I'm working in a user segmentation process ('RFM' Segmentation), where users are categorized based on the 'buckets' that they are in.
As a quick example example, a user may be inside a 'champions' or 'cannot lose' bucket based on their activity and purchases (their RFM Score).
This is all calculated using an algorithm that is explained here: https://towardsdatascience.com/recency-frequency-monetary-model-with-python-and-how-sephora-uses-it-to-optimize-their-google-d6a0707c5f17
In the end, it is calculated as in this example :
if RFM_Score >= 9:
return "Cannot lose them"
elif ((RFM_Score >= 8) and (RFM_Score < 9)):
return "Winners"
Now, I want to offer the user the possibility to configure the boundaries (and names) of the buckets.

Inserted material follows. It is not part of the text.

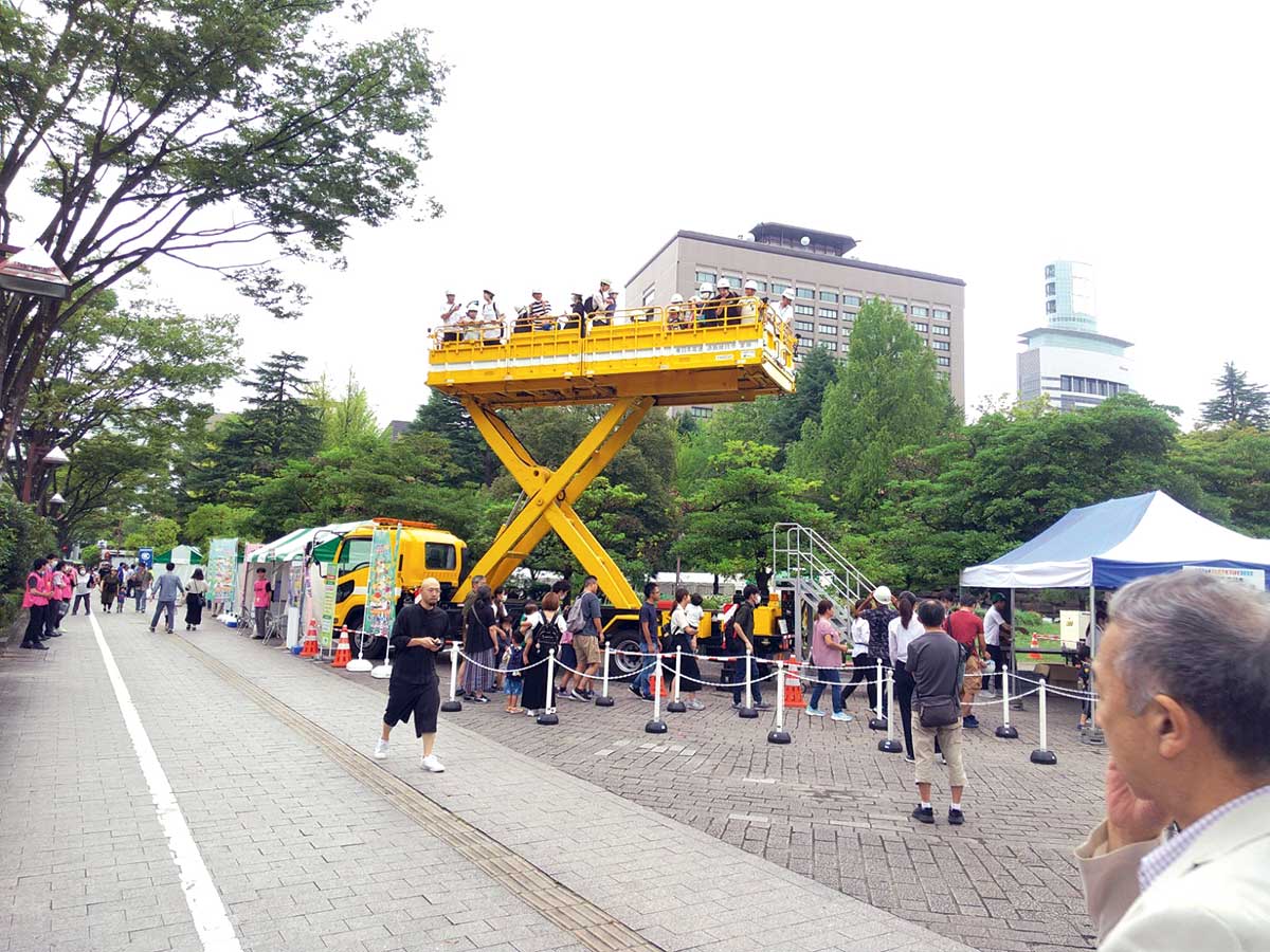 NEXCO東日本東北支社主催のイベント「ハイウェイフェスタとうほく」にも参加。子供達に大人気の高所作業車の展示や乗車体験を通して、高速道路を支える仕事をより身近に感じられる取り組みを行っている。

Is it possible to build a dynamic if-else structure that can be configured by parameters?
I thought about some kind of dictionary, like so:
#The first value in the tuple is the lowerbound, the second value is the upperbound.

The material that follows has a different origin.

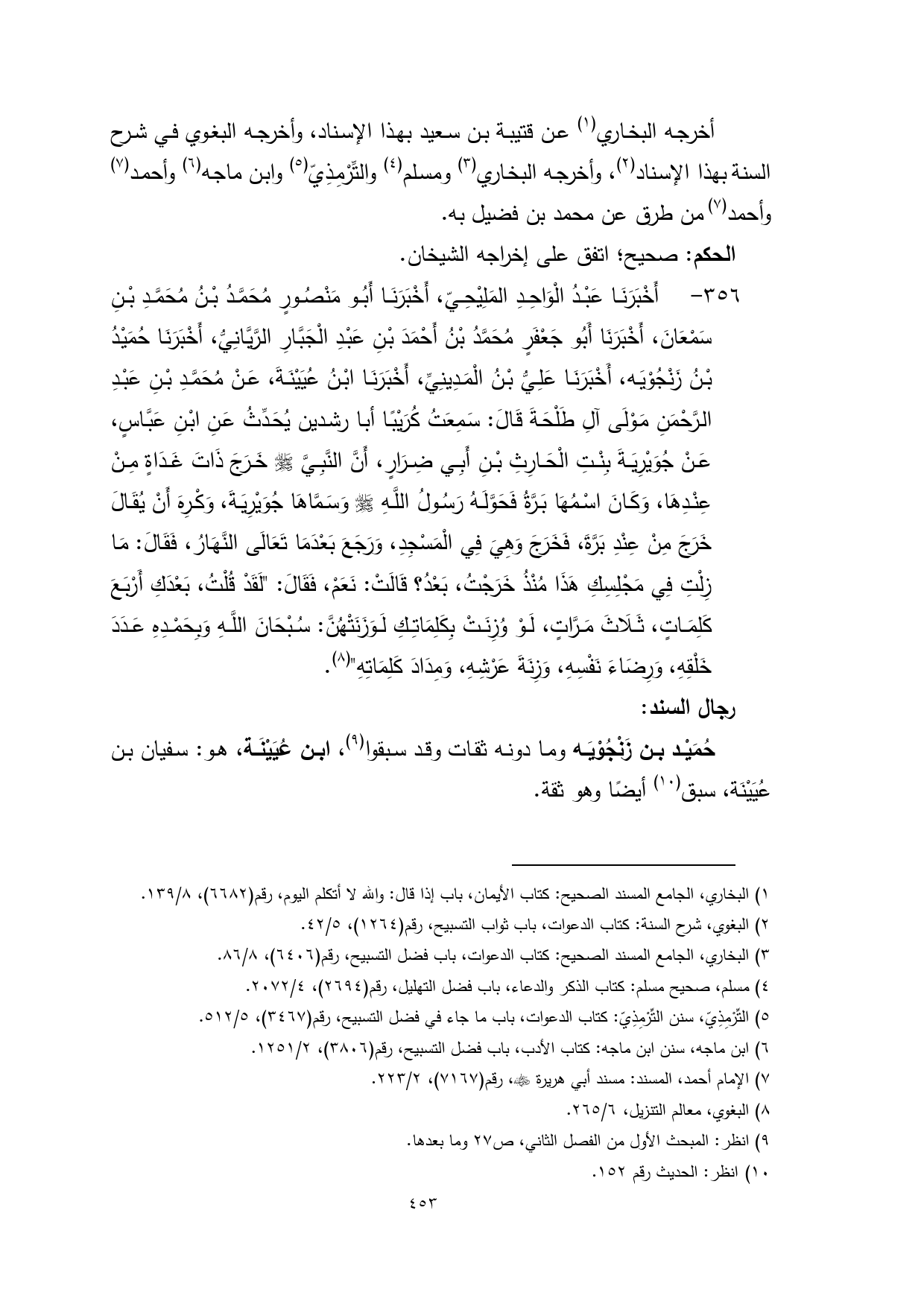 356 - أَخْبَرَنَا عَبْدُ الْوَاحِدِ المَلِيْحِيّ، أَخْبَرَنَا أَبُو مَنْصُورٍ مُحَمَّدُ بْنُ مُحَمَّدِ بْنِ سَمْعَانَ، أَخْبَرَنَا أَبُو جَعْفَرٍ مُحَمَّدُ بْنُ أَحْمَدَ بْنِ عَبْدِ الْجَبَّارِ الرَّيَّانِيُّ، أَخْبَرَنَا حُمَيْدُ بْنُ زَنْجُوْيَه، أَخْبَرَنَا عَلِيُّ بْنُ الْمَدِينِيِّ، أَخْبَرَنَا ابْنُ عُيَيْنَةَ، عَنْ مُحَمَّدِ بْنِ عَبْدِ الرَّحْمَنِ مَوْلَى آلِ طَلْحَةَ قَالَ: سَمِعَتُ كُرَيْبًا أبا رشدين يُحَدِّثُ عَنِ ابْنِ عَبَّاسٍ، عَنْ جُوَيْرِيَةَ بِنْتِ الْحَارِثِ بْنِ أَبِي ضِرَارٍ، أَنَّ النَّبِيَّ - صلى الله عليه وسلم - خَرَجَ ذَاتَ غَدَاةٍ مِنْ عِنْدِهَا، وَكَانَ اسْمُهَا بَرَّةُ فَحَوَّلَهُ رَسُولُ اللَّهِ - صلى الله عليه وسلم - وَسَمَّاهَا جُوَيْرِيَةَ، وَكْرِهَ أَنْ يُقَالَ خَرَجَ مِنْ عِنْدِ بَرَّةَ، فَخَرَجَ وَهِيَ فِي الْمَسْجِدِ، وَرَجَعَ بَعْدَمَا تَعَالَى النَّهَارُ، فَقَالَ: مَا زِلْتِ فِي مَجْلِسِكِ هَذَا مُنْذُ خَرَجْتُ، بَعْدُ؟ قَالَتْ: نَعَمْ، فَقَالَ: "لَقَدْ قُلْتُ، بَعْدَكِ أَرْبَعَ كَلِمَاتٍ، ثَلَاثَ مَرَّاتٍ، لَوْ وُزِنَتْ بِكَلِمَاتِكِ لَوَزَنَتْهُنَّ: سُبْحَانَ اللَّهِ وَبِحَمْدِهِ عَدَدَ خَلْقِهِ، وَرِضَاءَ نَفْسِهِ، وَزِنَةَ عَرْشِهِ، وَمِدَادَ كَلِمَاتِهِ" (¬8).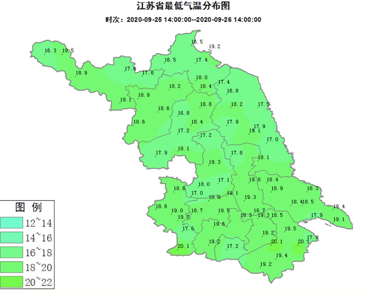 而最低气温则基本在20℃以下

params={'cannot lose':(9,), 'winners':(8, 9), [...] 'promising':(4, 5)}
def find_class(value):
for classname, boundaries in params:
if value >= boundaries[0]:
if len(boundaries) == 1:
return classname
elif value < boundaries[1]:
return classname
However, I'm affraid that this will make the algorithm much more complex (imagine that we're running this over potentially tens of millions of entries), while I think that the simple if/else will be fastest due to the way python interpreter is implemented.

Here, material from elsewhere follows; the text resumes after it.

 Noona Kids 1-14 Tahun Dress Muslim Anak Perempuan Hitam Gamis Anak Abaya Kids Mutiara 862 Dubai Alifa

I would like a light on: (1) is the dict approach acceptable? Which are possible downturns; (2) is it much slower?
You should take a look at pandas.cut
which can divide values into buckets and labels them accordingly:
import pandas as pd
values = [8,10,6,4,4,1]
labels = pd.cut(values, bins = [0,4,5,8,10],
labels = ["not so promising", "promising", "winners", "cannot lose them"])
I would assume that this is pretty optimised and will probably perform at least not much worse than a self implemented version based on foor loops and if else statements.
By default the bins are right closed intervals, so in the above example it should be ((0,4], (4,5], (5, 8], (8, 10]). That means that the point is categorised into the interval where it is larger than the left bound but not greater than the right bound. This behaviour can be adapted with the arguments right
or include_lowest
(see https://pandas.pydata.org/pandas-docs/stable/reference/api/pandas.cut.html)